Not that there were no problems. When the war began, a sixth of the workers had been women. By the end of it this number was two-thirds. The remaining men were old, or partially crippled, or in some other way unfit for war. These resented the ascendancy of the women, and grumbled about them or made vulgar jokes, and in their turn the women considered them weaklings or slackers and held them in ill-disguised contempt. The natural order of things-what my mother felt to be the natural order-was turning turtle. Still, the pay was good, and money greases the wheels, and on the whole my mother was able to keep things running smoothly enough.
I imagine my grandfather, sitting in his library at night, in his green leather-covered chair studded with brass nails, at his desk, which was mahogany. His fingers are tented together, those of his feeling hand and those of his hand without feeling. He's listening for someone. The door is half-open; he sees a shadow outside it. He says, "Come in"-he intends to say it-but nobody enters, or answers.
The brusque nurse arrives. She asks him what he can be thinking of, sitting alone in the dark like that. He hears a sound, but it isn't words, it's more like ravens; he doesn't answer. She takes him by the arm, lifts him easily out of his chair, shuffles him off to bed. Her white skirts rustle. He hears a dry wind, blowing through weedy autumn fields. He hears the whisper of snow.

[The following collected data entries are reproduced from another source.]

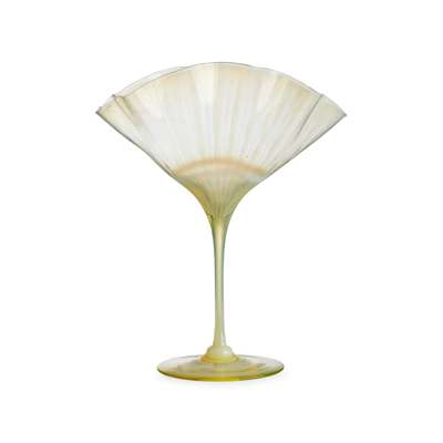 ENGLISH ART NOUVEAU OPALESCENT GLASS FAN-SHAPED VASE, CIRCA 1910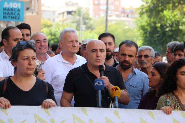 Mezopotamya Kültür Merkezi (MKM) sanatçılarının da katıldığı eylemde “Direne direne kazanacağız” sloganı atıldı.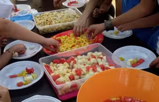 Del mismo modo, en la zona centro se organizó para los jóvenes una gran cena basada en brochetas de pavo con verduras y una ensalada de la huerta gigante, para concienciar a la juventud de que "es muy rápido y sencillo cenar de forma sana, y que la comida rápida también puede y debe ser saludable si se eligen bien sus ingredientes".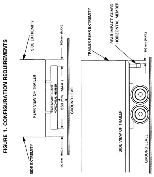 Guard width. The outermost surfaces of the horizontal member of the guard shall extend outboard to within 100 mm of the longitudinal vertical planes that are tangent to the side extremities of the vehicle, but shall not extend outboard of those planes. See Figure 1 of this section.
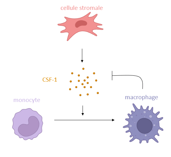 Le contrôle homéostatique du développement des monocytes/macrophages est principalement influencé par le CSF-1 (également connu sous le nom de M-CSF), produit par les cellules stromales dans les tissus. Les macrophages matures expriment à leur tour un excès de récepteurs du CSF-1 (CSF-1R) et éliminent le CSF-1 circulant, permettant une boucle de rétroaction qui cause d’une diminution de la prolifération des monocytes (Bartocci et al., 1987).

Did he know his two sons were dead? Was he wishing them alive again, safe home? Would it have been a sadder ending for him, to have had his wish come true? It might have been-it often is-but such thoughts are not consoling.
Last night I watched the weather channel, as is my habit. Elsewhere in the world there are floods: roiling brown water, bloated cows floating by, survivors huddled on rooftops. Thousands have drowned. Global warming is held accountable: people must stop burning things up, it is said. Gasoline, oil, whole forests. But they won't stop. Greed and hunger lash them on, as usual.
Where was I? I turn back the page: the war is still raging. Raging is what they used to say, for wars; still do, for all I know. But on this page, a fresh, clean page, I will cause the war to end-I alone, with a stroke of my black plastic pen. All I have to do is write: 1918. November 11. Armistice Day.
There. It's over. The guns are silent. The men who are left alive look up at the sky, their faces grimed, their clothing sodden; they climb out of their foxholes and filthy burrows. Both sides feel they have lost. In the towns, in the countryside, here and across the ocean, the church bells all begin to ring. (I can remember that, the bells ringing. It's one of my first memories. It was so strange-the air was so full of sound, and at the same time so empty. Reenie took me outside to hear. There were tears running down her face. Thank God, she said. The day was chilly, there was frost on the fallen leaves, a skim of ice on the lily pond. I broke it with a stick. Where was Mother?)
Father had been wounded at the Somme, but he'd recovered from that and had been made a second lieutenant. He was wounded again at Vimy Ridge, though not severely, and was made a captain. He was wounded again at Bourlon Wood, this time worse. It was while he was recovering in England that the war ended.